Harvard vs. the Family

This June, pandemic conditions permitting, Harvard University will host a conference—not open to the public—to discuss the purported dangers of homeschooling and strategies for legal reform. The co-organizer, Harvard law professor Elizabeth Bartholet, believes that homeschooling should be banned, as it is “a realm of near-absolute parental power. . . . inconsistent with a proper understanding of the human rights of children.” The conference has caused a stir on social media, owing to a profile of Bartholet in Harvard magazine, accompanied by a cartoon of a forlorn-looking girl behind the barred windows of a house made out of books titled, “Reading, Writing, Arithmetic, Bible.”

City Journal

She presents one study to support her concern about academic outcomes, noting that “methodologically sound studies of the more successful subsets of homeschoolers also reveal problems. One found that while overall the homeschoolers who took standardized tests did slightly better than public schoolers, there was a huge divergence between homeschoolers receiving structured as versus unstructured home education. Those receiving unstructured education, as many homeschoolers do, scored significantly lower than public schoolers.”
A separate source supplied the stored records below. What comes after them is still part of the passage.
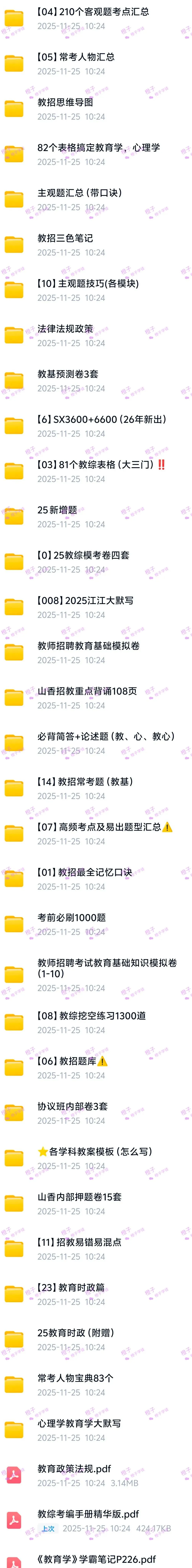 【教师招聘】25+2026教师编制考试资料:网课+电子版资料(讲义、教招学霸笔记、知识点速记、历年各地真题、必刷题、高频考点、模拟卷)
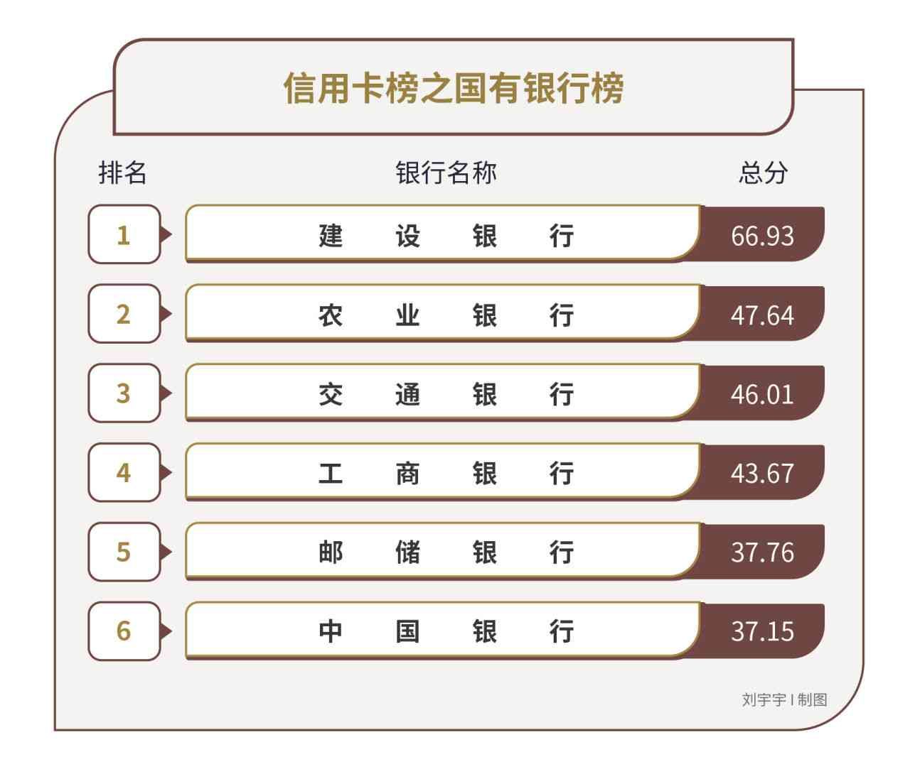 包括交行、工行、邮储银行和中行等其他4家国有银行均位列前十,排名依次为第六、第七、第八和第九。
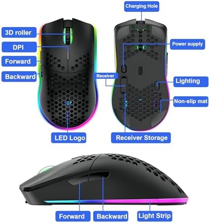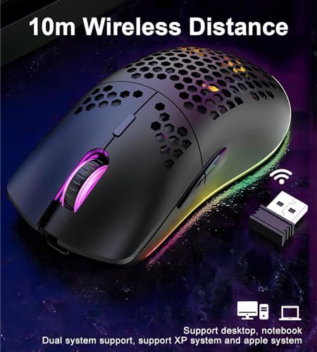 Mengshen Wireless Gaming Mouse Honeycomb, RGB Game Mice with Lightweight Shell High Precision Optical Sensor Adjustable 3200 DPI Ergonomic for Windows PC & Laptop Gamers (Black)
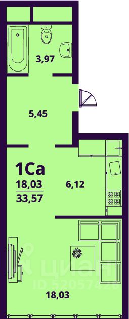 Продаётся 1-комнатная квартира в сданном доме (Народного учителя Латышева, 7), срок сдачи: IV-кв. 2023, общей площадью 33.57 кв.м., на 22 этаже.
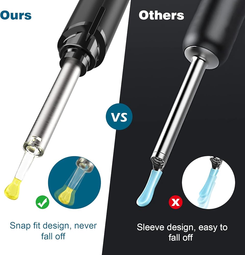 مجموعة تنظيف الأذن الجديدة: بالمقارنة مع الإصدار القديم من مزيل شمع الأذن اللاسلكي، فإنها تستخدم غلافًا مطاطيًا فضفاضًا لتغطية الملعقة المعدنية. من السهل أن يسقط هذا الغلاف المطاطي في قناة الأذن ويسبب مخاطر محتملة على السلامة. منظف الأذن الخاص بنا مصنوع من قالب متكامل من السيليكون ومثبت على الأنبوب المعدني بواسطة تصميم ملائم. لا تسقط أبدًا وليس من السهل كسرها.
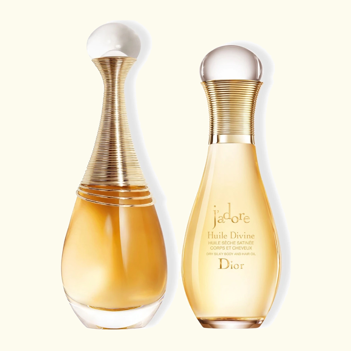 – J’adore Huile Divine, 75 ml. Une huile sèche pour le corps à la sensorialité aérienne, qui vient hydrater la peau tout en la magnifiant d’un toucher doux.
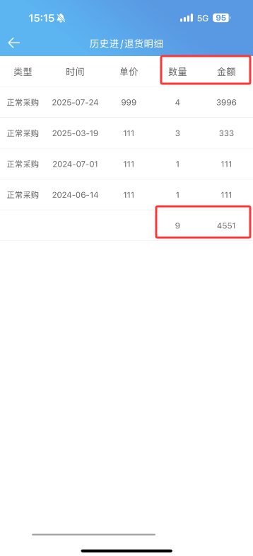 商品详情历史进退货明细页面最后一行添加显示“数量”和“金额”字段的汇总合计数据

Bartholet is distorting the study’s conclusions, to put it politely. The researchers found that the two-thirds of homeschooled students in their sample who received a structured curriculum did dramatically better than public school students. Unstructured homeschool student performance was either slightly below or statistically indistinguishable from that of public school students, depending on the analytic methodology employed. Most policy analysts would see these findings as demonstrating the remarkable success of homeschooling. It would require extraordinary confirmation bias to read these findings as evidence that homeschooling should be banned.